# Finished my Seaview.........



## Tim Nolan (Jul 9, 2008)

Well, I guess I'm finished....I haven't made up my mind wether to go back over it with the airbrush and do some highliting. I actually like the finish as it is, so I may not.....Here's a few pictures, and a link to my Photobucket if you want to look at build photo's and a couple short videos....I may build a custom display base for it later too if it doesn't fit into one of my large existing cabinets! 
























See build photos at: http://s92.photobucket.com/albums/l35/Finktim/Seaview/


----------



## Lou Dalmaso (Jul 13, 2004)

AWESOME!!

I wish I had the steady hand for all that kind of tiny detail.
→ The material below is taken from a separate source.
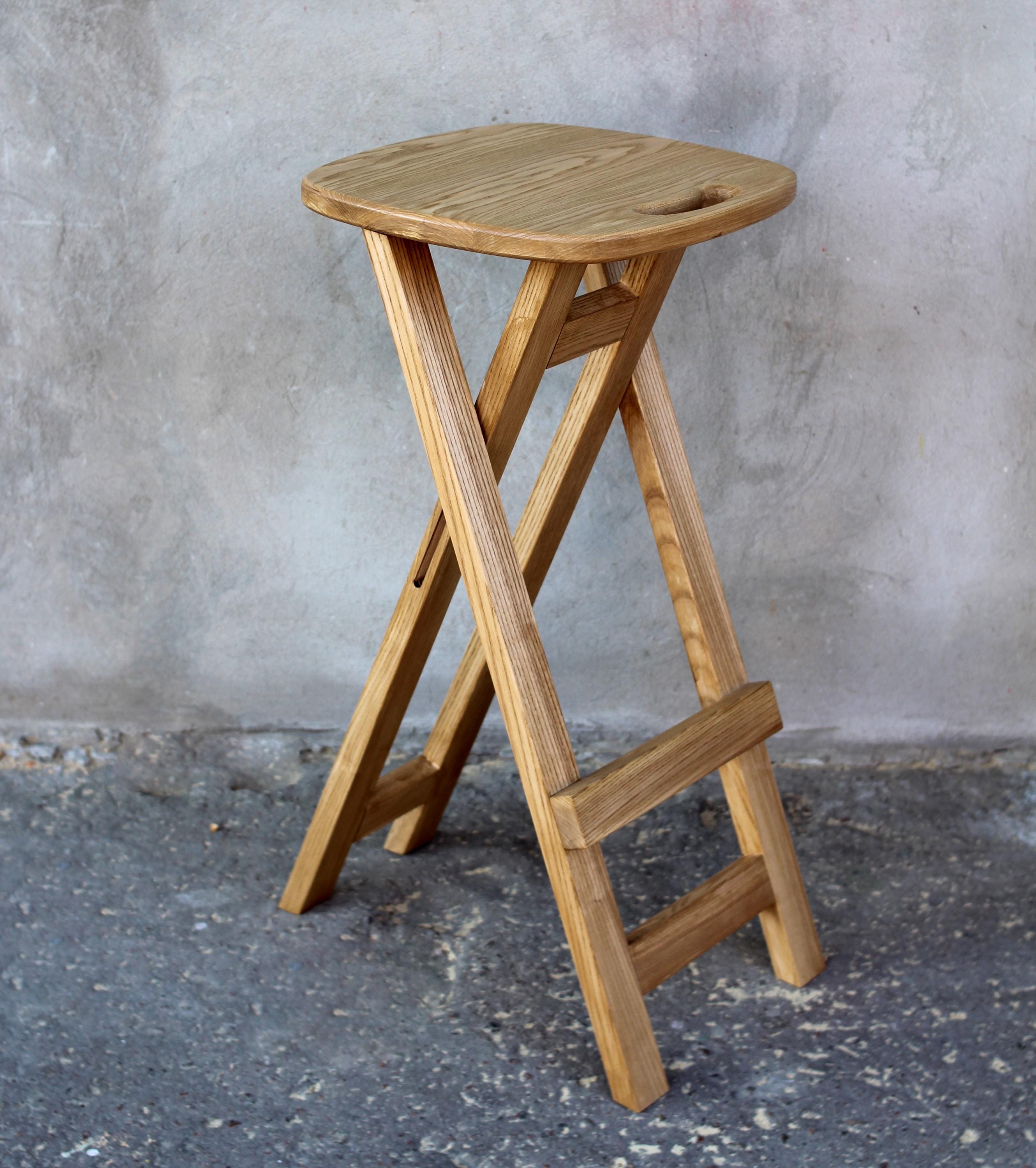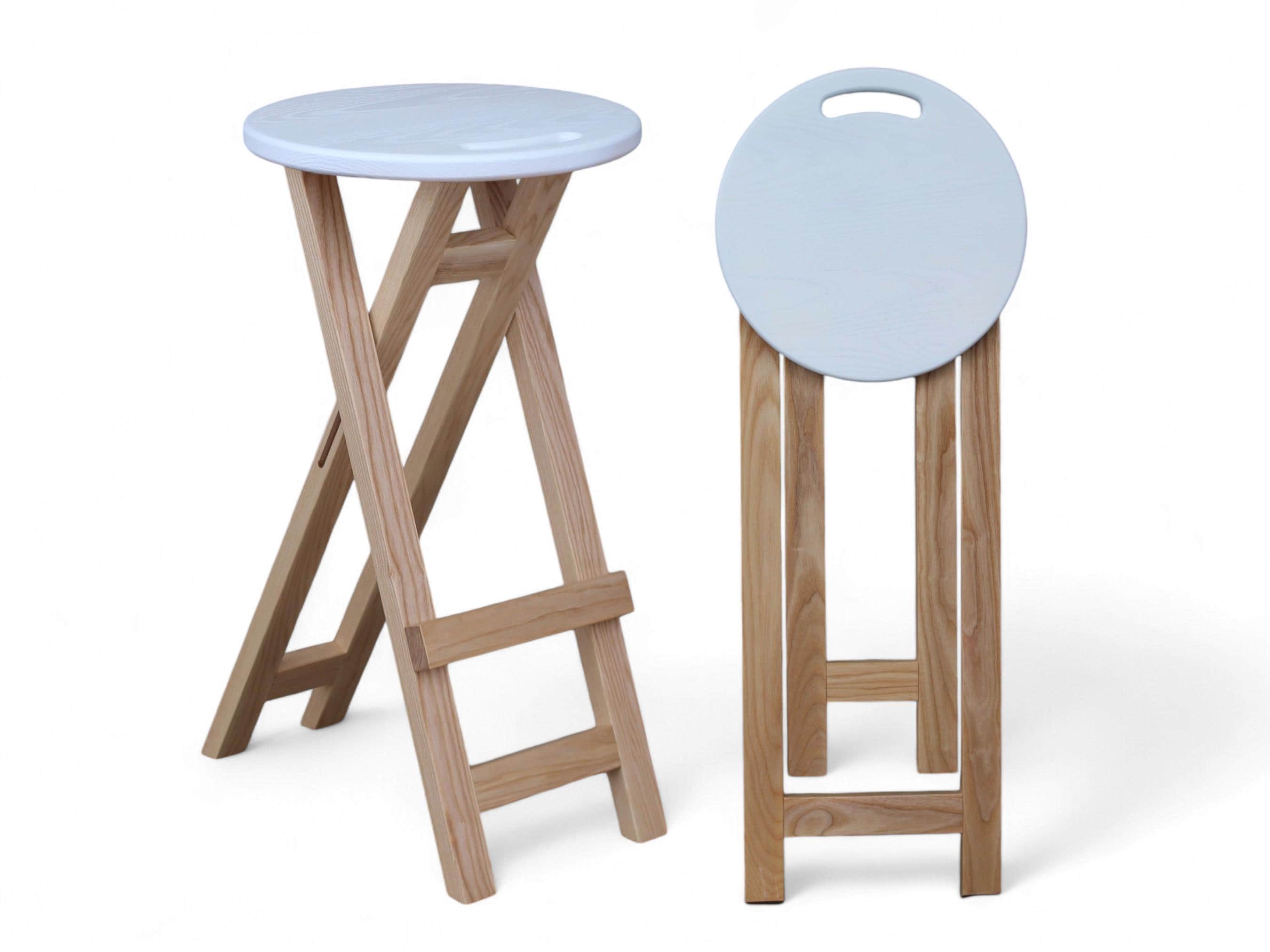 Solid Wooden Folding Stool with Circular White Seat Foldable Handle...

What's with the guy in the radio shack? Pay attention crewman!


----------



## Dave Metzner (Jan 1, 1970)

Looks great!
Thanks for sharing
Dave


----------



## Tim Nolan (Jul 9, 2008)

His legs won't fit under the table Lou!!! LOL! Good eye! (He looks kool sittin' in the red lit room though when the roofs on!)


----------



## Seaview (Feb 18, 2004)

Splendid job!!!! :thumbsup:


----------



## DMC-12 (Oct 7, 2007)

looks real cool, I always loved that sub


----------



## Thor1956 (Aug 8, 2008)

NIIIIIIIIICCCCCCCCCCCCCCEEEEEEEEEEEE job, Tim!!!!!!!!!!!!:thumbsup::thumbsup::thumbsup:


----------



## MML (Apr 20, 2008)

Nice work Tim - I hope I can get my front window seam as invisible as yours! :thumbsup:


----------



## Sonett (Jul 21, 2003)

Tim,
Your Seaview looks great. Something to be proud of for years to come. Hope mine turns out as nice. Thanks for sharing with us.


----------



## AJ-1701 (May 10, 2008)

Looks fantastic mate:thumbsup: Job well done :wave:

makes me wnat to go into diplomatic discussion with the other half and do another one.


----------



## kit-junkie (Apr 8, 2005)

Nice work!


----------



## Thor1956 (Aug 8, 2008)

AJ-1701 said:


> makes me wnat to go into diplomatic discussion with the other half and do another one.


AJ,

If your other half is like mine, then diplomatic discussion won't work when it comes to buying a second kit that you already have ... but alot of begging, pleading and a REALLY GOOD funny excuse does seem to work most of the time ...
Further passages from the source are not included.